Thanks Johannes. I love the idea of seeing how much a trailer can carry (more than an elephant, dare I ask?). And what they can't carry. This all makes me think too of the wonderful Onion News Network piece about the planned adaptation of the Iron Man trailer into a full, feature-length film

Love your work, Jonathan, but like Johannes, I'd urge a bit more refining of categories here. It's great that you're pushing us to reconfigure what we mean by "text," and provocatively suggesting that text and paratext are one. But can we argue, for example, that students who read only the reviews know the literary text? Yes, those short takes constitute THEIR textual knowledge, but don't we have to distinguish varieties of our overarching term "text" in these cases? (I like that you at least call it 'a' text at the end.) But after all, your own careful reading of Genette revealed the "Orientalist spectacle" that you might not know about through internet summaries or reviews--that primary text is necessary. Even if we hate paratexts like the C Me Dance trailer, don't we need someone to do the work of analyzing the whole messy text to be accurate about what's going on there? Yes, the trailer "creates a text that has meaning for [you]," but can this be conflated with the movie text? You, as a poaching reader, say "basta" after viewing the trailer; great example of how readers in fact create texts. But we still need a term for the species of text that is the movie--that for you is a text not actualized, a potentiality. I agree that some paratexts are not really paratexts, so linked are they to the primary text. I've argued this about Junot Diaz's footnotes in The Brief Wondrous Life of Oscar Wao, despite their position at the bottom of the page. Here I would agree, as you say, the paratext has lost its function as a paratext but now this has occurred because of substitution--it was enough for you. But trailers, although strongly linked rhetorically and on multiple levels to films, are still separate, albeit interlinked entities. So let's work on some subcategories of the term "text"to analyze our way around this minefield, while still keeping your point about the overlapping textuality in your actualization of this trailer text. "Anterior text" or "pre-text" are iffy because chronological distinctions are being effaced in both consumption and production. "Primary" perhaps? You could argue that primary and secondary are reversed here for you as a viewer. Let's find some terms that help us to distinguish levels of textual interaction, rather than the increasingly amorphous word "text."

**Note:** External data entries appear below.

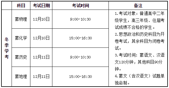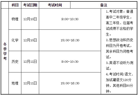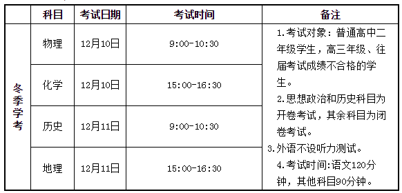 2020年冬季甘肅臨夏普通高中學(xué)業(yè)水平考試時(shí)間安排在12月10日-12月11日期間。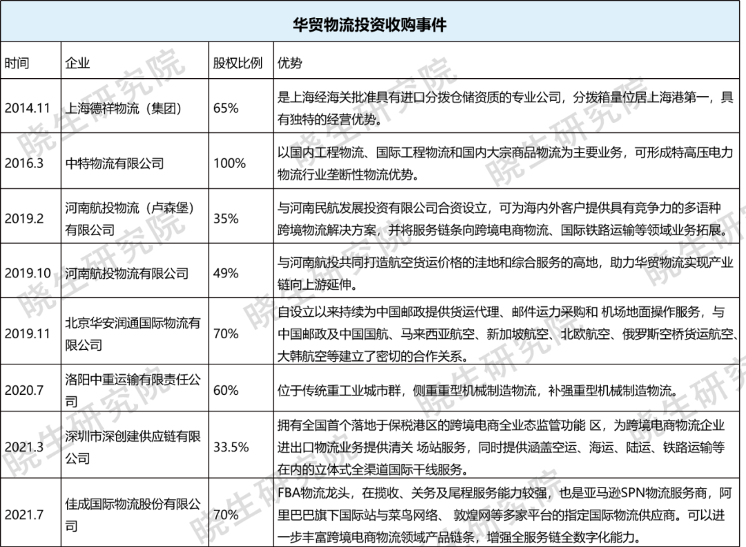 2019年,华贸物流收购华安润通以切入跨境电商邮政包裹市场,并获取相关航空资源;2021年3月,收购深创建供应链,使得业务延伸至中港运输以及关务申报,补足前端揽件能力,获得跨境电商监管功能区资源;2021年7月,收购佳成国际,实现已有关务和干线能力与佳成国际的供应链体系协同,进一步丰富跨境电商物流领域产品链条。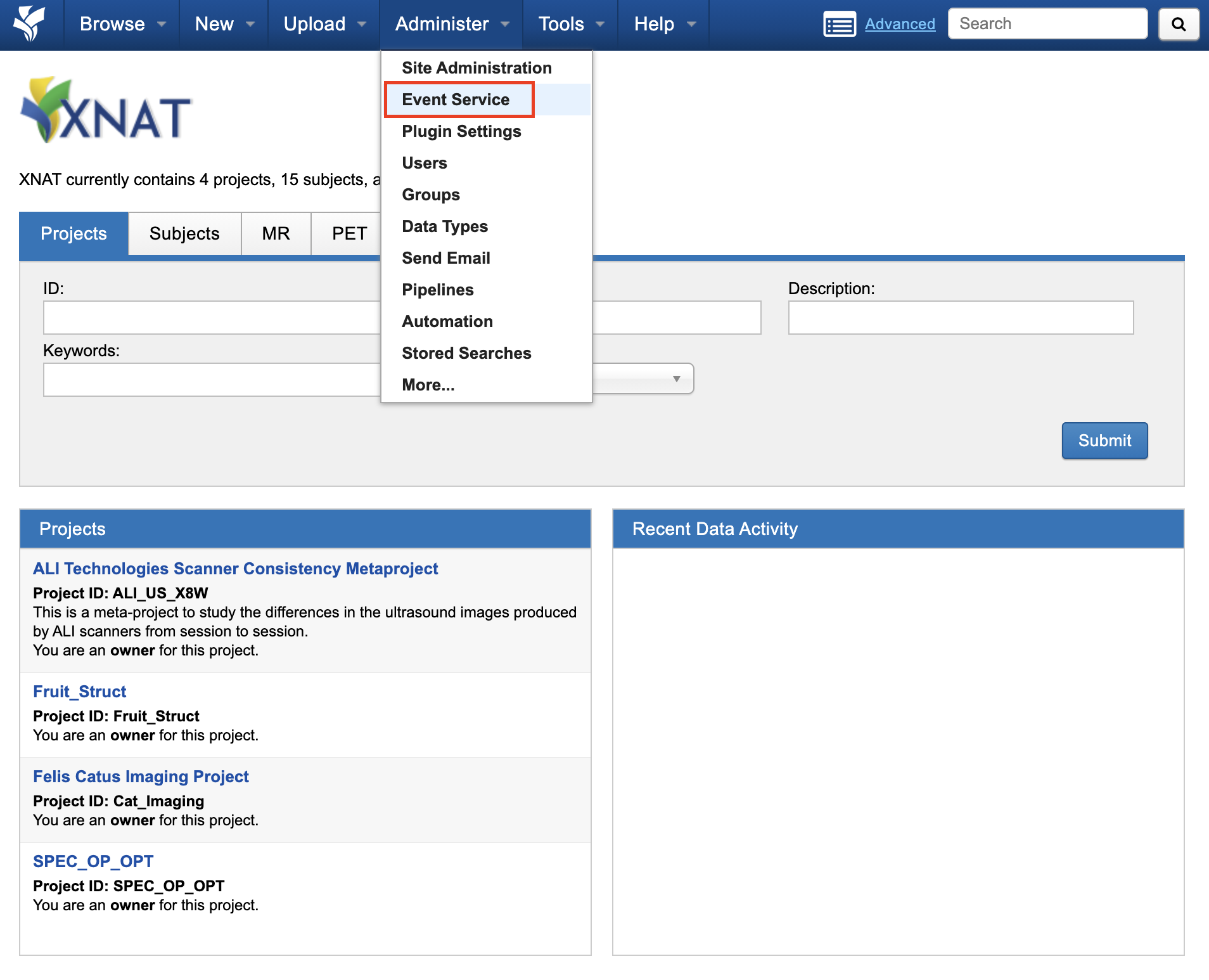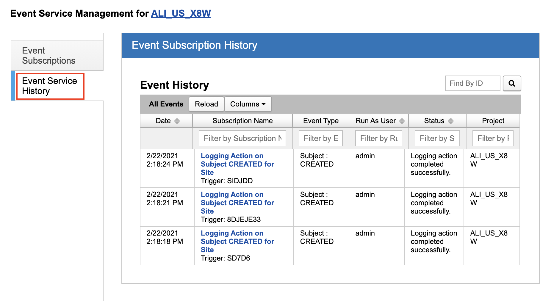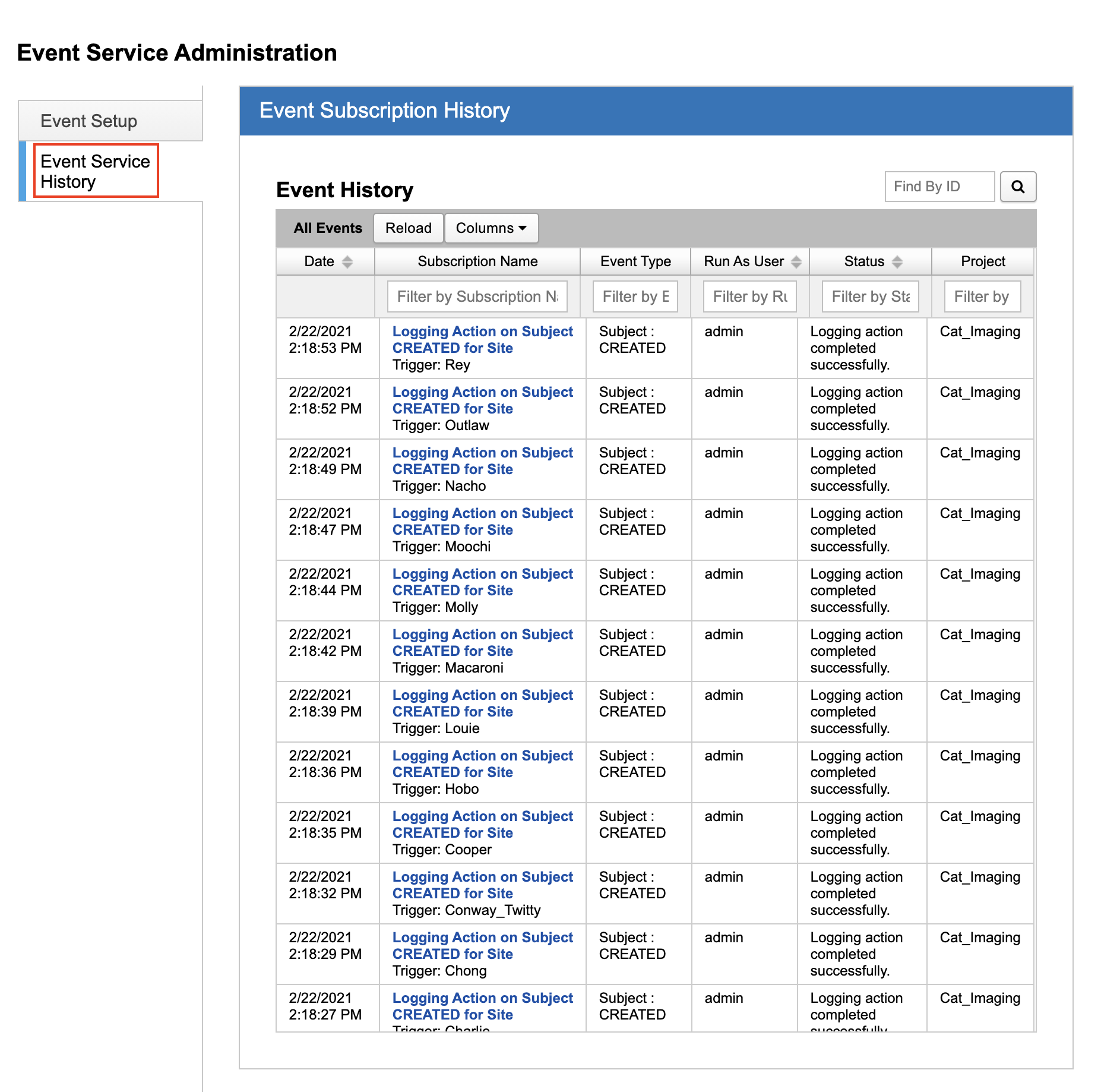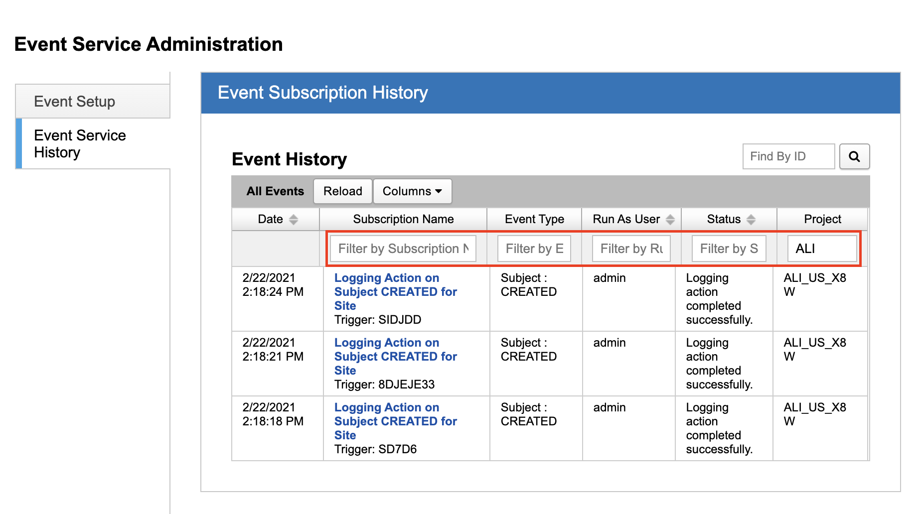 Users with Administrator level permissions can access site-wide, multi-project, and single project history listings by way of the Administrator → Event Service menu.

Ellen, thanks. But I think Barthes' work-text distinction offers us the answer. Sure, a student who has only read a review hasn't read the *work*, but for them the review is the *text*. Part of this stems, though, from my own interest in analyzing textuality, which is to understand what work texts do in society. Thus, my interest is in what version(s) of the text are picked up by popular culture and audiences, an interest which ultimately doesn't mind too much whether the audience is reading it "wrong", "incorrectly," and/or insufficiently. Take Twilight, for instance, or The Hobbit, both of which mean a variety of things to popular culture, and serve certain roles and purposes, many of which stem from trailers and hype by large number of "audiences" who aren't watching the films or reading the books, nor will they ever do so. It could be easy to write those readings off as "wrong," but if thousands or millions of people are creating meanings about those films based on those paratexts, then the text for a great many people is entirely paratextually-generated. The work itself will often enjoy special treatment and a special place at the top of a value hierarchy, but only for some viewers.